I’m a huge fan of the idea that you can (and should!) think by building, and build to answer questions.
Granted, sometimes the purpose of building something is to bring something specific into existence that we understand fairly well ahead of time. Especially when first studying classic game design deeply through remaking classics, we have the luxury of implementing against a proven gameplay pattern.
However often for more original designs the act of building has to become a partly exploratory process. In these kinds of cases we can’t wait until the design is fully understood (as it is when cloning a specific existing classic) before we start implementing it.

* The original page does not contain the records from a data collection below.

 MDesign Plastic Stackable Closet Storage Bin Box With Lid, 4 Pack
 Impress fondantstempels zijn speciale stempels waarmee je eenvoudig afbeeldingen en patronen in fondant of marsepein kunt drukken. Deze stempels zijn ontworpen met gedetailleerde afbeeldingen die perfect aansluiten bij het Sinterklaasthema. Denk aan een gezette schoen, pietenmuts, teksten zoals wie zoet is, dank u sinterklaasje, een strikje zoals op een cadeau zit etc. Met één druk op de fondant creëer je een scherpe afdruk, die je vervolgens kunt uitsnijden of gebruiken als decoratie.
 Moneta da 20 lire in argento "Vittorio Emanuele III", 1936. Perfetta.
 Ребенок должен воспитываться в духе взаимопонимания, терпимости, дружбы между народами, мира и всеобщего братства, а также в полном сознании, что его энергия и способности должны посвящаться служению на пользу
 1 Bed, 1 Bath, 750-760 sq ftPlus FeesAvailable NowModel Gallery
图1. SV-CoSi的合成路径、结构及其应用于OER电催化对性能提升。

In order to even tell what parts of the mechanics are working out or not we have to take a crack at implementing the aspects of it that are most relevant to our current thinking. This enables us to try playing it, and from a development perspective it empowers us to iteratively play with it.

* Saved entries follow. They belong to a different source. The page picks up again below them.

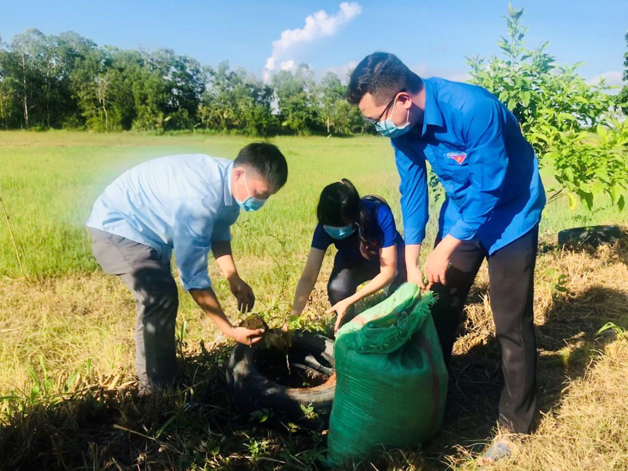 Đoàn viên thanh niên tổ chức thu gom xử lý rác thải, tạo mỹ quan môi trường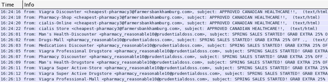 - SMTP pharmacy spam on TCP port 25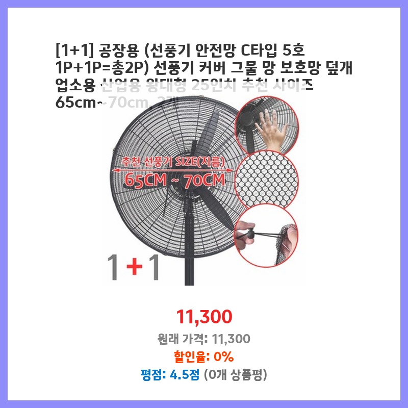 공장에서 사용하는 대형 선풍기의 안전을 위해 튼튼한 보호망이 필요했습니다. 2개 세트라 여유분도 있고, 25인치에 맞는 사이즈라 딱 맞아서 좋았습니다. C타입이라 설치도 편리했습니다.
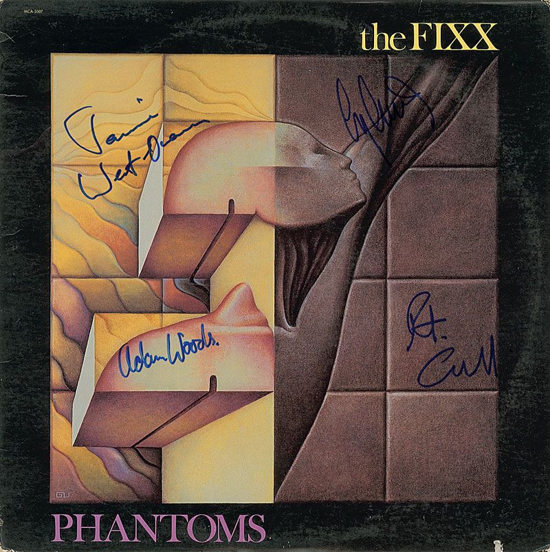 Phantoms album signed on the front cover in blue felt tip by Rupert Greenall, Jamie West-Oram, Cy Curnin, and Adam Woods. In fine condition, with a discount cut to the lower right. The record is included. Accompanied by a certificate of authenticity from Roger Epperson/REAL.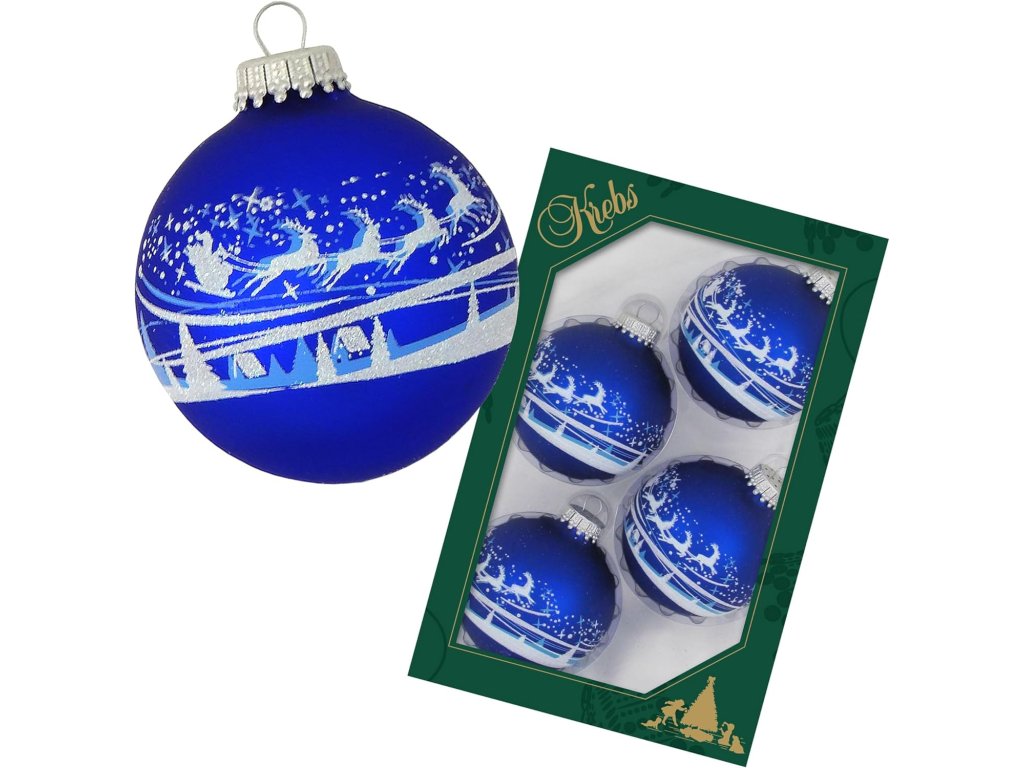 Táto elegantná sada štyroch ručných sklenených gulí v kráľovsky modrej farbe prinesie do vášho interiéru dotyk zimnej noci. Na každej guli je zobrazený Santa Claus v saniach so sobím záprahom, prelietajúci ponad zasnežené mesto. Strieborné glitre a kontrastný modrý podklad vytvárajú efekt žiarivej zimnej oblohy.

As another major benefit, this act of exploratory creation takes otherwise complex ideas and turns them into concrete examples that can be more easily discussed on a team.

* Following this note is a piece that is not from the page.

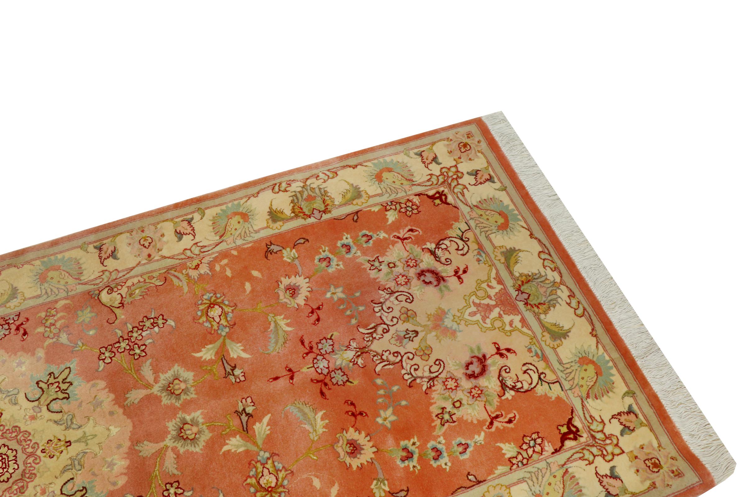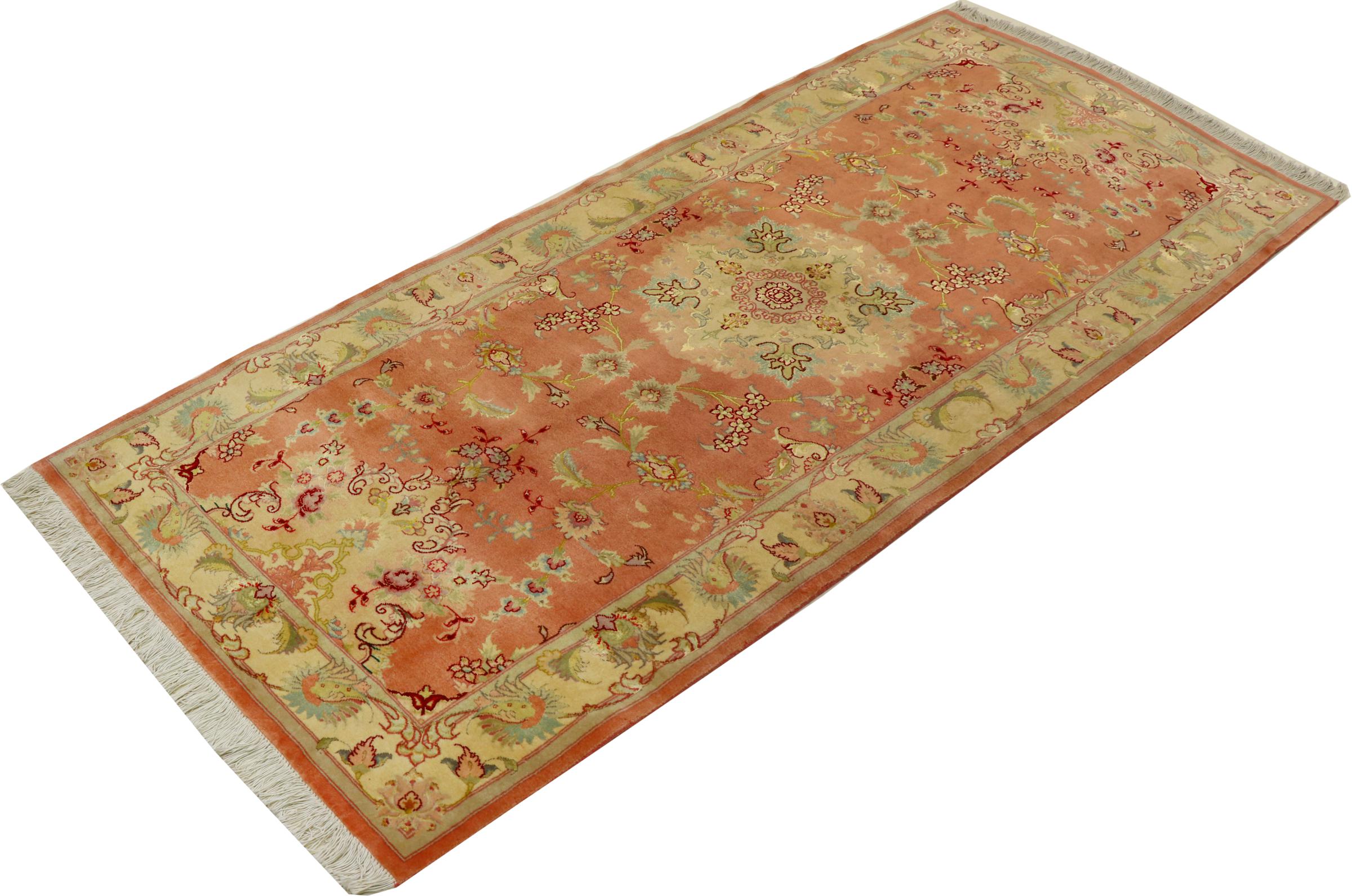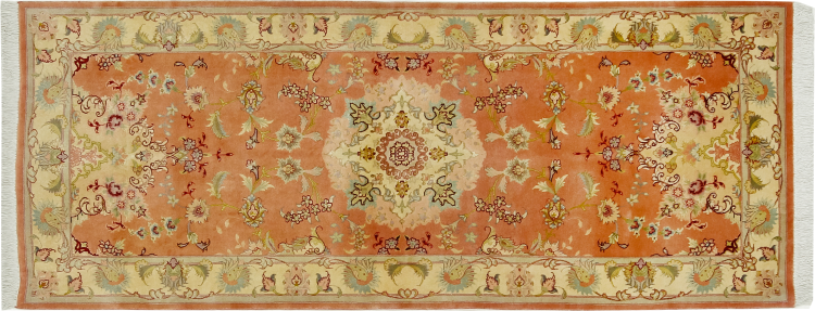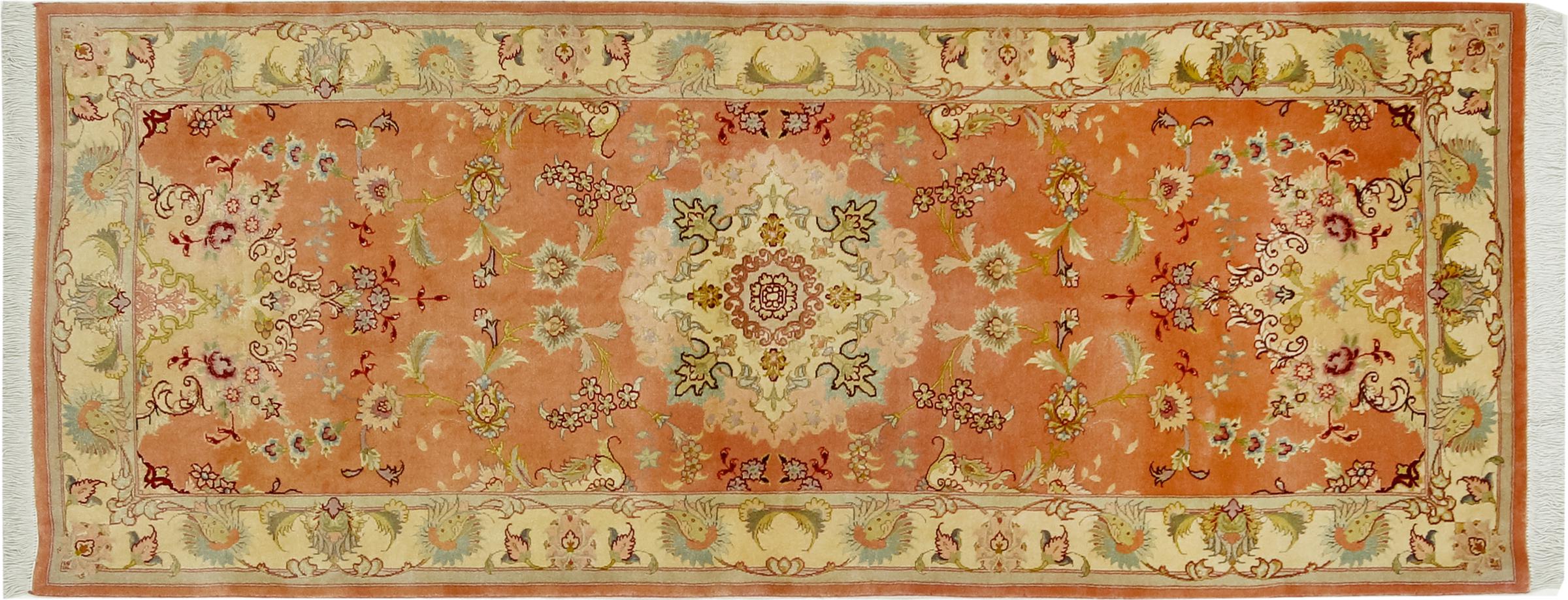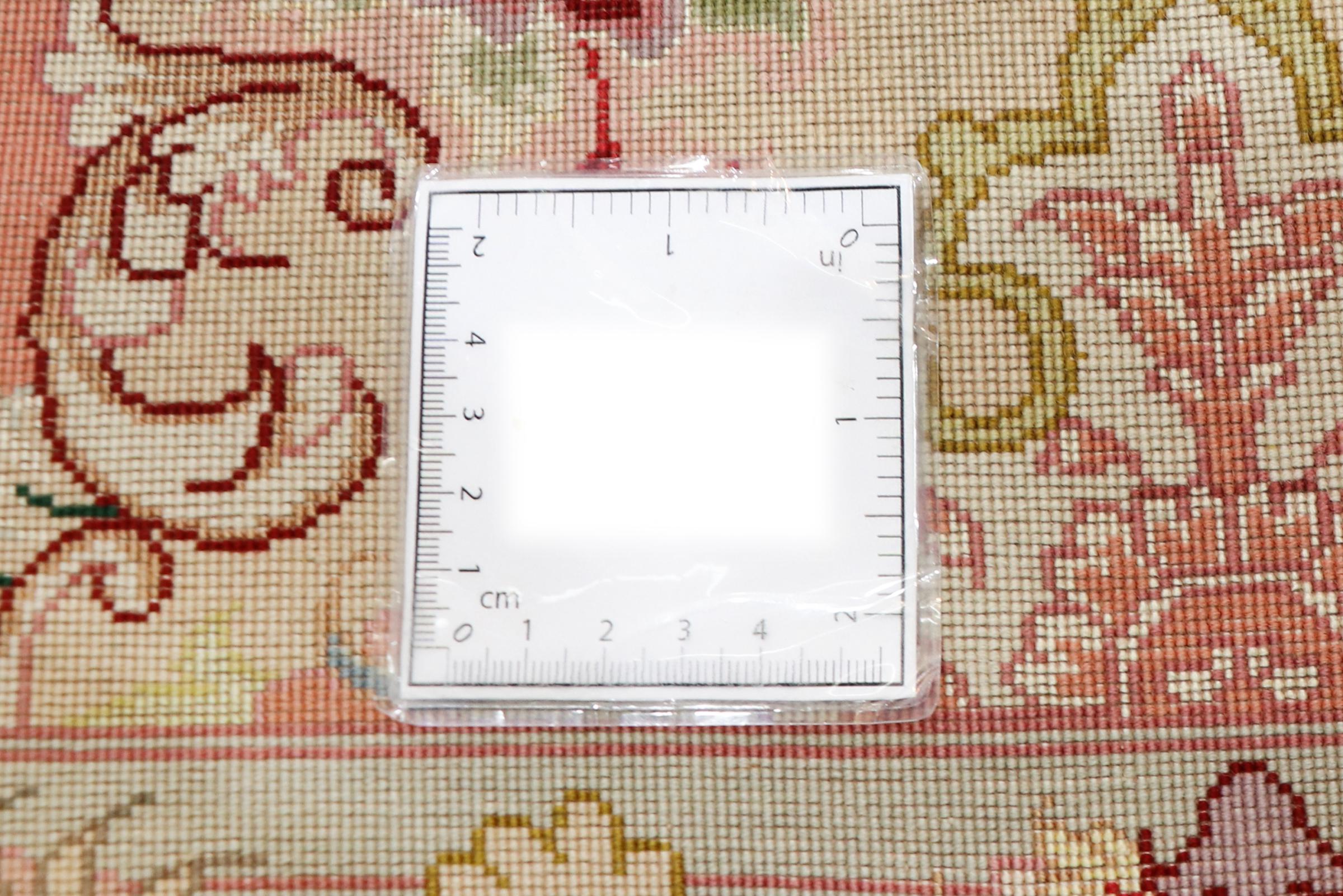 Este Tabriz se anudó a mano en el noroeste de Irán, en la ciudad artesanal y epónima de Tabriz. Sólo se utilizaron lana de alta calidad y seda natural. Con sus motivos y elementos decorativos, refleja Oriente en su forma más bella. Deje que una obra de arte se abra camino en su hogar: Una verdadera atracción para usted y sus invitados. El número Raj indica el número de nudos en una longitud de 7 cm. Por ejemplo, una Tabriz 50Raj tiene más de 500.000 nudos por m2, una 70Raj incluso más de 1.000.000 de nudos por m2.

Unfortunately, it’s usually difficult to expose and share what that process really looks like in practice. When all is said and done, directions or features that were attempted but not kept don’t ever see the light of day, or make it to the player. By design, those paths not followed get tossed out or gated off well before the work ever gets polished enough to share in a way that will make much sense to people outside the team.
Aside from when I went crazy for 7 months and binged on exploratory prototyping by making an experimental interaction/gameplay project every day, it’s tricky to show clear examples of what I really mean by building as a way of thinking through (and about!) design.
However this past year on a research team at Georgia Tech, led by Kyle Blevens (@sikori17 on Twitter) as part of Celia Pearce‘s lab, we studied the subject of emergent gameplay. Our approach began by finding and discussing past examples in commercial games, and then turned toward implementing some isolated manifestations of the gameplay patterns that we thought seemed to be underlying the emergent gameplay in some of those other games.
The work was completely a group effort. I was working as just another member of the team. Since I have more practice at putting videos together, I helped record and edit this short video to summarize highlights of the research:
Even when just studying or talking about videogame design, I absolutely recommend considering ways to incorporate building into the thinking process. Playable prototypes keep the conversation grounded. Although they of course don’t serve as any kind of rigorous “proof” any more than a MythBuster’s attempt – that’s not generally how game design works – they can really be a great way to bring specifics into the conversation and get everyone on the same page about terminology, goals, and challenges.